In the real world where prime movers used to drive synchronous generators have automatic governors to control speed or load, and synchronous generator excitation systems have automatic regulators to control generator terminal voltage (or VAr setpoint or power factor setpoint), when loads change the governors respond appropriately to maintain speed, load, generator terminal voltage.
It would be disastrous to operate a prime mover and generator in any kind of application (supplying a small isolated load independent of other generators and prime movers, or synchronized to a grid with other prime movers and generators) without a governor that was capable of responding appropriately to load changes and without an exciter regulator capable of responding to VAr changes.
All of this counter emf stuff is wonderful in that it helps us to understand what's physically happening inside the generator and possibly how generators are designed and constructed, but it doesn't help us to understand how generators and their prime movers are operated in the real world, and how to operate them reliably and properly to supply power to loads at stable speed (frequency) and load and reactances.
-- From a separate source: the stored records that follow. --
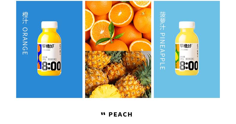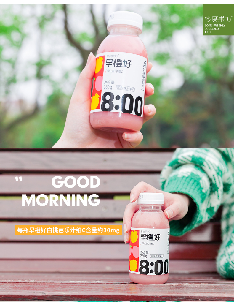 零度果坊早橙好 NFC果汁 白桃芭乐混合汁100%早餐果汁280g*8瓶装
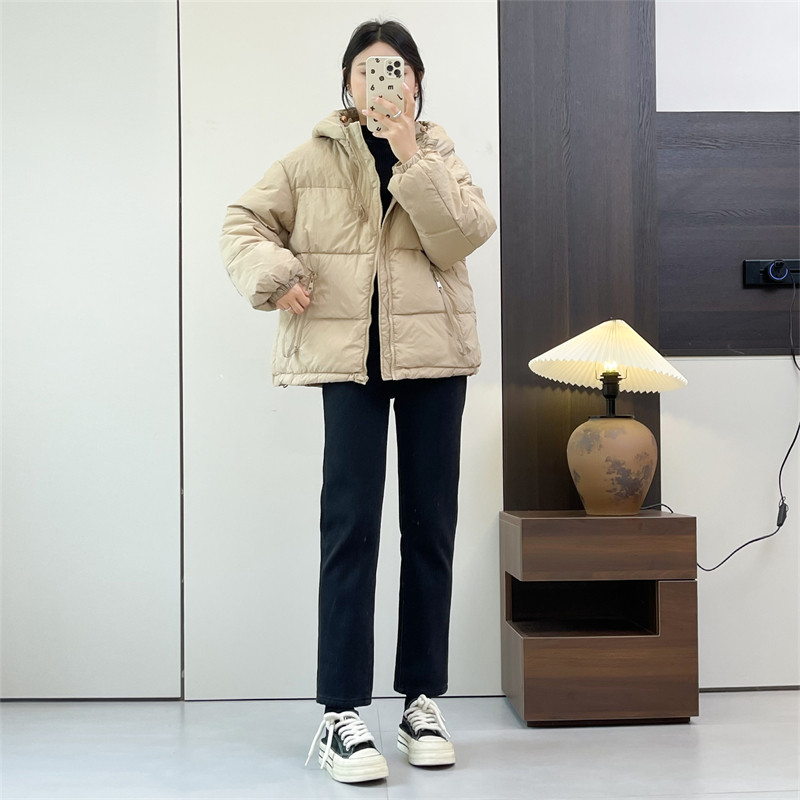 惠衣阁秋冬女连帽羽绒服短款 宽松休闲保暖羽绒外套 羽绒服韩版
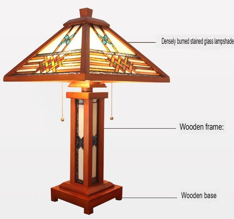 This exquisite handcrafted table lamp features colorful stained glass shade with geometric patterns. The solid wood base and frame provide stable construction with traditional Chinese craftsmanship. Dual pull-chain switches control two internal bulbs for adjustable lighting perfect for bedrooms and living rooms.
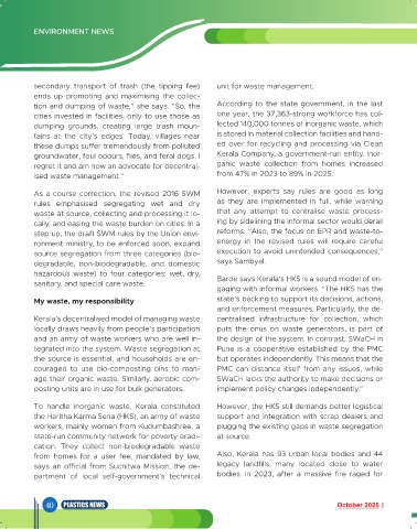 sanitary, and special care waste. Barde says Kerala’s HKS is a sound model of en-

It's very important to understand all of the components of equipment that produces electrical power. There must be a source of torque and there must be a source of excitation. The torque is provided by the prime mover (turbine, reciprocating engine, etc.), and the excitation is provided by the exciter regulator, sometimes called the AVR (Automatic Voltage Regulator). When there is a source of torque (provided by the prime mover) and voltage (provided by the exciter regulator and the rotating magnetic field of the generator), the generator can convert the torque into amps. The torque must generally be provided at a specific frequency, which is directly proportional to the speed the prime mover is spinning the generator rotor. The speed of the prime mover can be controlled by the prime mover governor.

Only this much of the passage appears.